Quella scelta dettata da un lato dalla pressione degli imprenditori e dei proprietari di aree sui giudici amministrativi fin dagli anni ’60 per favorirne l’attuazione diretta che ne avallarono tale interpretazione, suffragata poi dall’art.3 del DM ha vanificato la previsione della legge del 1942 che subordinava gli interventi nelle aree da urbanizzare a piani attuativi. ( i piani particolareggiati d’iniziativa pubblica e i piani d’iniziativa privata).

Per i primi, si trattava anche dei cosiddetti comparti perequativi – pensiamo all’art.23 della l.1150 – che avrebbero permesso di prevedere interi ambiti territoriali la cui urbanizzazione/edificazione avrebbe garantito la simultaneità tra i due aspetti, garantendo – analogamente alle lottizzazioni convenzionate – cessione delle aree e realizzazione delle oo uu secondaria a carico dei privati.

Il modello perequativo abbandonato per decenni si riaffaccia oggi faticosamente in qualche piano regolatore per ridisegnare parti di città consolidata da rinnovare al fine di garantire aree e servizi pubblici ma ormai è da considerare solo come rimedio agli errori dell’attuazione diretta degli interventi di cui abbiamo detto.

Se andiamo in Spagna e Portogallo non si pone il problema della città pubblica poiché fin dagli anni ’30 – grazie alle leggi urbanistiche –in questi paesi si procedette attraverso il metodo perequativo per tutte le aree di nuova urbanizzazione ignorando il ricorso al vincolo espropriativo,subordinando l’edificabilità ai comparti perequativi. E in quei paesi – compresa la Francia – le periferie urbane non soffrono della carenza dei servizi e le tensioni sono attribuibili a ragioni sociali ed economiche delle popolazioni insediate, non alla mancanza di standards.

Il quadro normativo subisce una sostanziale modifica con la l.10 del 1977 invertendo la rotta e prevedendo l’onerosità della concessione edilizia – costo di costruzione ed oneri di urbanizzazione – riconoscendo da un lato l’esigenza della cattura di valore della rendita fondiaria ed edilizia da un lato e dall’altro prevedendo che qualunque nuova volumetria anche in zona urbanizzata è gravata dagli oneri di urbanizzazione anche lì dove già esistono le oo uu, a ristoro della spesa ricoperta a suo tempo dell’ente locale.E l’art.12 proventi delle concessioniprevedeva l’utilizzo di tali risorse finanziarie per migliorare la carenzadei servizi nelle aree che ne erano prive. Ma sappiamo ben che quei fondi sono stati destinati grazie alla legislazione successiva ad altri compiti.

2. Cosa fare per la città pubblica.

Se questo è il quadro sommariamente esposto che pone al centro la pianificazione urbanistica come responsabile primaria della carenza di servizi esistono dal punto di vista del giurista/urbanista alcune soluzioni che possono essere adottate come rimedio alla situazione esistente.

Prima però di entrare nel merito delle soluzioni adottate da alcune amministrazioni e bene chiarire i termini della questione.

Assicurare la città pubblica significa due cose: a) la prima è la disponibilità dell’area; b) la seconda è garantire sulla stessa la prestazione.
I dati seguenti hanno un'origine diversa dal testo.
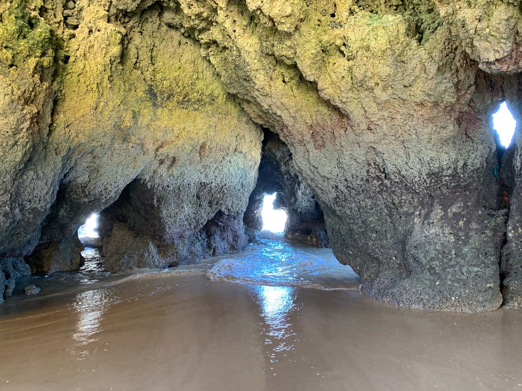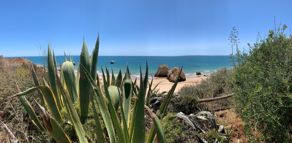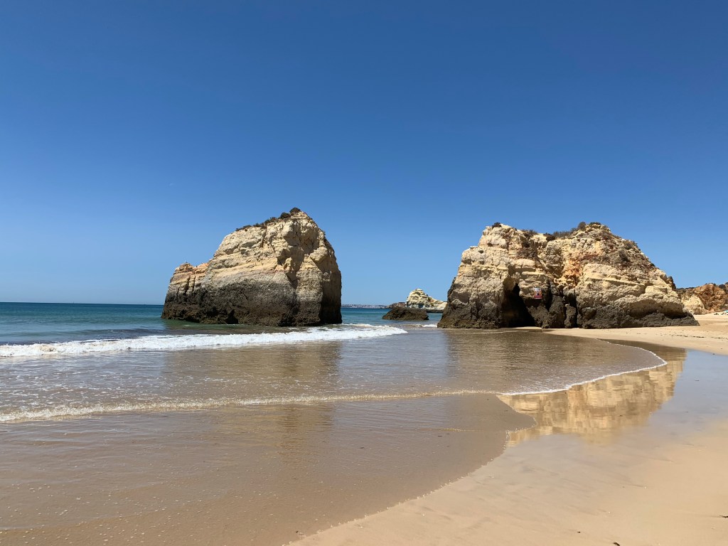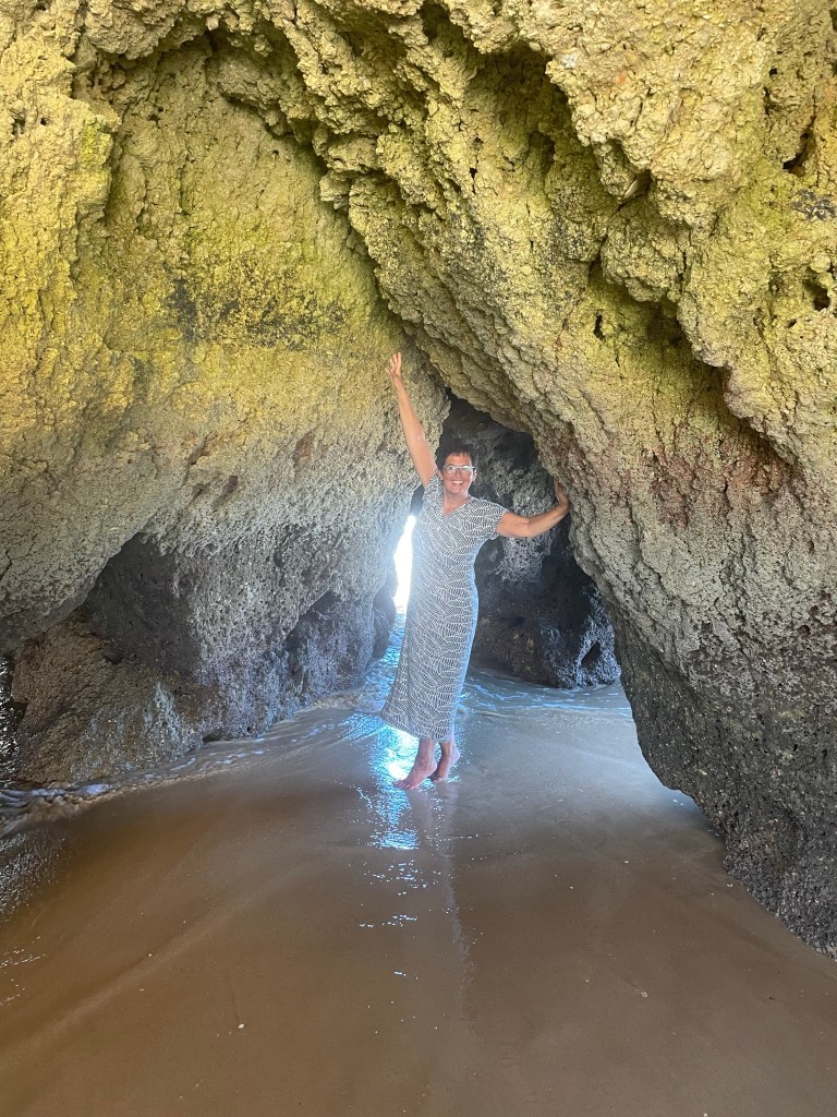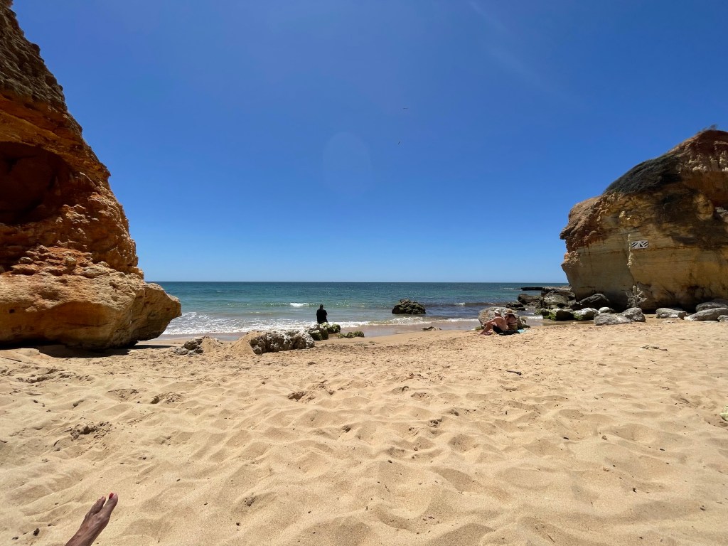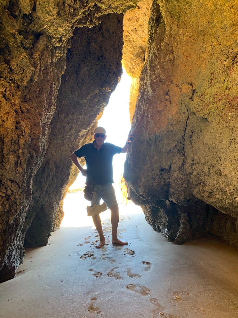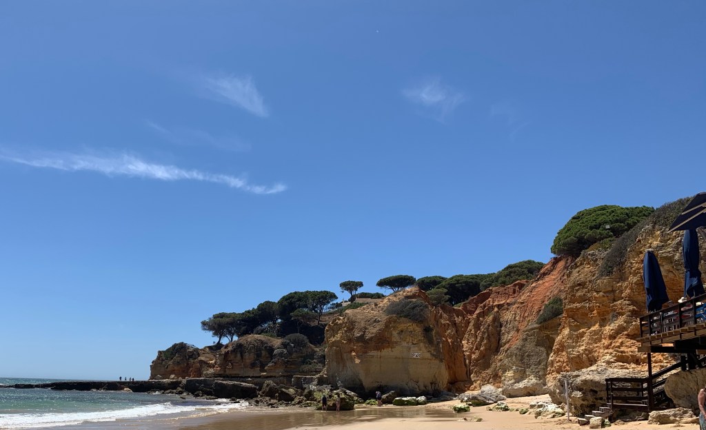 Zondag 14 mei: Op de laatste dag van deze ‘Week van…’ rijden wij naar Olhos de Áqua, een plaatsje niet ver van ons resort. De naam betekent ‘Ogen van water’. Onder het strand bevinden zich zoetwaterbronnen. Bij eb wordt dit natuurverschijnsel zichtbaar en qua vorm lijken de bronnen dan op ogen. Olhos de Áqua was in 2014 onze eerste kennismaking met de Algarve, waar wij verbleven in het prachtige resort Alfagar. Het wordt vandaag een stranddag. Wij leggen onze handdoeken uit in een mini-baai omringd door hoge rotsen. Wel de vloed in de gaten houden, want anders kom je niet meer terug. Wat is het hier toch schitterend. Na een heerlijk terrasje keren wij terug op het resort om nog even te zwemmen. En dan zodadelijk uit eten. Weer naar die ‘cock’ van gisteren. Ik hoop dat hij vergeetachtig is. Nog een volle week te gaan, dus ‘Até próxima semana’

Le due cose sono strettamente connesse ed inscindibili. Scontata l’inapplicabilità del vincolo preordinato all’esproprio il problema è quello della cessione gratuita da parte del privato alla PA – tema consolidato in ogni piano attuativo negoziato e nel comparto perequativo – senza la quale la garanzia del servizio neppure si pone. La seconda – la realizzazione delle oo.uu. secondaria (essendo l’esistenza delle oo.uu primaria presupposto del rilascio del pdc ) la cui tipologia può variare in rapporto agli ambiti di trasformazione, sono di norma a carico del privato titolare del pdc ma già sotto questo profilo si pongono una serie di tipologie diverse.

La prima è quella di assicurare l’opera di urbanizzazione – ad es. verde pubblico attrezzato, scuola dell’obbligo – da cedere al comune. La seconda, quella possibile, di attribuire al privato anche la gestione del servizio per sollevare la PA da tale compito oneroso.

3. Il project financing applicato alla città pubblica.

Qui si pone il caso del project financing che in rapporto alla caratteristica del servizio – freddo o caldo – affida alla PA il compito di adottare tale strumento al fine di coprire il servizio.

Cito un caso minimo, quello del mercato di quartiere a Roma nel rione Testaccio ove quella struttura è stata ristrutturata completamente dal gestore cui compete assegnare le concessioni ai titolari dei prodotti alimentari etc. ma con una mixitè delle funzioni ammesse che rende non solo calda l’opera ma anche molto più attraente quel mercato, in prossimità dell’università Roma 3.

Ma quante amministrazioni si prendono l’onere di adottare questa soluzione imprenditoriale?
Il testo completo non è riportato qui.